A house I am looking at buying is brick on the bottom, solid brick construction with headers, but the second floor has siding. Built in 1920s. All the nearby homes are similar, brick on the bottom and siding on the 2nd floor.

Does this mean that the 2nd floor is likely not brick? 
Or is it common to put siding over the brick on the 2nd floor for some reason?
If not brick on the 2nd floor, is it studs sitting on top of the first floor brick?

I do not have a picture of the home currently but will go back in a day or 2 to take some if needed. Any help is much appreciated.


----------



## oldognewtrick (Jul 26, 2016)

It's very unlikely that there is brick behind the siding. There is most likely a stud wall with the siding attached.  And  to House Repair Talk!


----------



## kok328 (Jul 26, 2016)

The brick is not structural. 
In other words it is not load bearing to the second floor. It is an exterior cover like siding.


----------



## gilette (Jul 26, 2016)

oldognewtrick said:


> It's very unlikely that there is brick behind the siding. There is most likely a stud wall with the siding attached. And  to House Repair Talk!


 That is what I was thinking. I guess that's a common thing? Is it because it's less expensive to construct? 

Thanks for the welcome


----------



## gilette (Jul 26, 2016)

kok328 said:


> The brick is not structural.
> In other words it is not load bearing to the second floor. It is an exterior cover like siding.


 
What makes you think that it is not structural? It has headers in it indicating that it's a 2 wythe wall, which I thought would be structural. It sits directly on top of the basement wall (which is partly exposed above the ground).

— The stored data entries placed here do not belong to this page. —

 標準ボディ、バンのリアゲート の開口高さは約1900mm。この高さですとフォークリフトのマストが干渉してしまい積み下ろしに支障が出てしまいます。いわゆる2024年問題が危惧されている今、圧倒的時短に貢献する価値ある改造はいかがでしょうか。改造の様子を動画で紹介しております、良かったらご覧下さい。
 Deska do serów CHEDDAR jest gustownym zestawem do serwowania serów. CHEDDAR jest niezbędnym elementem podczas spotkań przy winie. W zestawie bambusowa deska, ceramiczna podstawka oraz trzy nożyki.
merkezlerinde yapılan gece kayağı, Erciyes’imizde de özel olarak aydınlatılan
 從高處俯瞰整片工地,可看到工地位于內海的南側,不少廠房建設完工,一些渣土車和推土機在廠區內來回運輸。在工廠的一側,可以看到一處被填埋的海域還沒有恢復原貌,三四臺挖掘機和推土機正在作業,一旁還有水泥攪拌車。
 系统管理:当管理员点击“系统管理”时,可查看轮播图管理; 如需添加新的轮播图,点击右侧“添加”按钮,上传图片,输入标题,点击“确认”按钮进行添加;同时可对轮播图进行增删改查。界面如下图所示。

I appreciate any follow-up on this, I am just trying to learn


----------



## nealtw (Jul 26, 2016)

It could be a brick house with second story addition ?


----------



## gilette (Jul 26, 2016)

nealtw said:


> It could be a brick house with second story addition ?


 
Probably not, all the houses on the block are the same, brick bottom and sided 2nd floor. All built around the same time.


----------



## nealtw (Jul 26, 2016)

Knock on doors up the street and ask what they know about the construction and what complaints they have. Any same problems in other houses can be expected or at least looked for.


----------



## Sparky617 (Jul 26, 2016)

Brick can be structural.  It generally isn't in homes built in the last 50 years or so, but it was a common building technique up until the early 1950's.  A double layer of brick, with lath and plaster on the inside.  Most brick homes built in the last 50 years are wood framed with a brick veneer.  Homes in my childhood neighborhood were built in the early to mid-1950s and were of masonry construction that is a double layer of brick.

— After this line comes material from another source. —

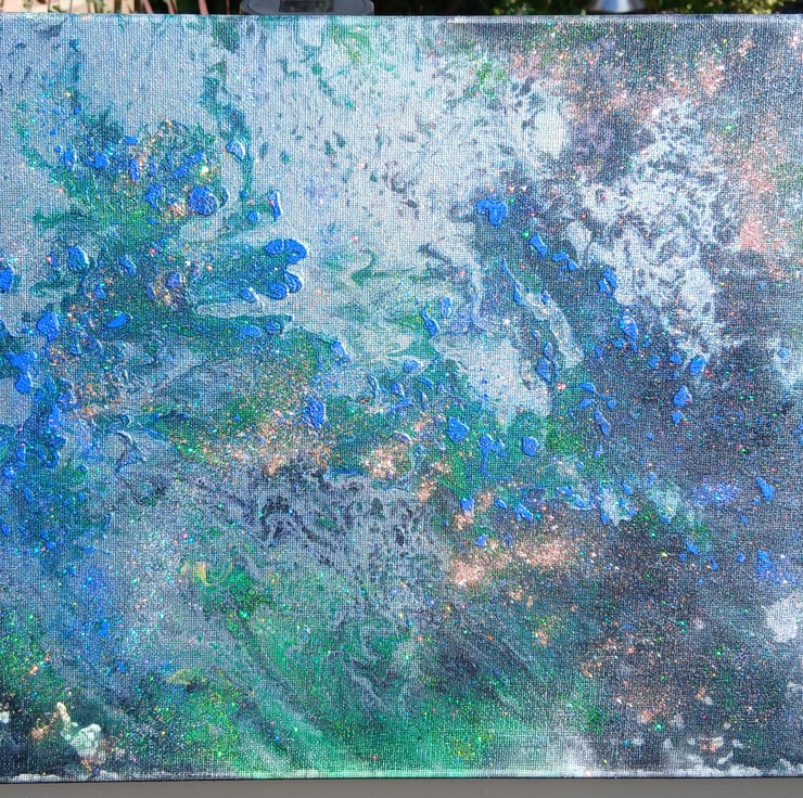 Iridescent Abstract paint pour painting on canvas with beautiful iridescent shimmer created by very fine mica powder & glitter to give the overall look & feel of the night sky.

My parent's last house, built circa 1900 was masonry on three sides and framed on the back.  We tore out all the old plaster and lath in the 1980's and rebuilt the thing from the brick inwards with framing, insulation, and drywall.


----------



## gilette (Jul 26, 2016)

Sparky617 said:


> Brick can be structural. It generally isn't in homes built in the last 50 years or so, but it was a common building technique up until the early 1950's. A double layer of brick, with lath and plaster on the inside.


 
Thanks, this is what I suspect this house is. Was built in the 1920s.

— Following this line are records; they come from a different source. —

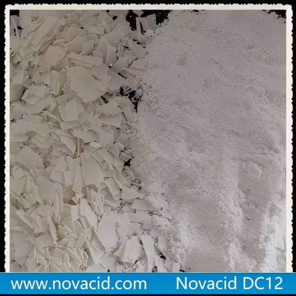 Dodecanedioic acid (CAS No. 693-23-2), also named 1,10-Decanedicarboxylic acid, DDDA or DC12, is a straight-chain aliphatic dicarboxylic acid with the chemical formula C12H22O4. Produced via an advanced bio-fermentation process exclusively by NOVACID. It is a white crystalline powder or flake with good thermal stability and chemical reactivity. As a key intermediate of fine chemicals, it is widely used in the production of high-performance polymers, specialty lubricants and pharmaceutical raw materials.
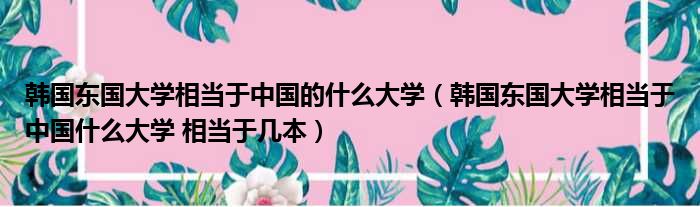 大家好,今天小六子来为大家解答以下的问题,关于韩国东国大学相当于中国的什么大学,韩国东国大学相当于中国什么大学 相当于几本这个很多人还不知道,现在让我们一起来看看吧!
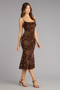 All eyes on you—the strapless silhouette and velvet flocked florals do all the talking. With a bodycon fit and leg-baring slit, this midi dress is pure confidence in motion.

So 2 layers of brick, then lathe and plaster. Would there typically be studs between the brick and the lathe? How about insulation?

Does anyone know how they frame the 2nd floor, just put the bottom sill on top of the brick and secure it somehow?


----------



## nealtw (Jul 26, 2016)

This is an addition but it would be much the same build the floor above the brick and add walls.
http://architecturetourist.blogspot.ca/2012/01/top-popped-adding-2nd-floor-in.html


----------



## gilette (Jul 26, 2016)

nealtw said:


> This is an addition but it would be much the same build the floor above the brick and add walls.
> http://architecturetourist.blogspot.ca/2012/01/top-popped-adding-2nd-floor-in.html


 
Awesome find, thanks!

I'm convinced that is how those houses are structured. Probably furring strips and no insulation followed by lath/plaster


----------



## Sparky617 (Jul 27, 2016)

In our case, there was just furring strips nailed to the brick and no insulation.  When we remodeled the place we built stud walls and updated the plumbing, electrical and insulation.  Your second floor is likely framed on top of the brick walls if the house is true masonry construction.  The brick provides a decent thermal mass, but once it gets cold in the winter, it stays pretty much cold if you are in a cold climate.  Being built in the 1920's unless someone upgraded the house over the years you probably have minimal insulation anywhere.


----------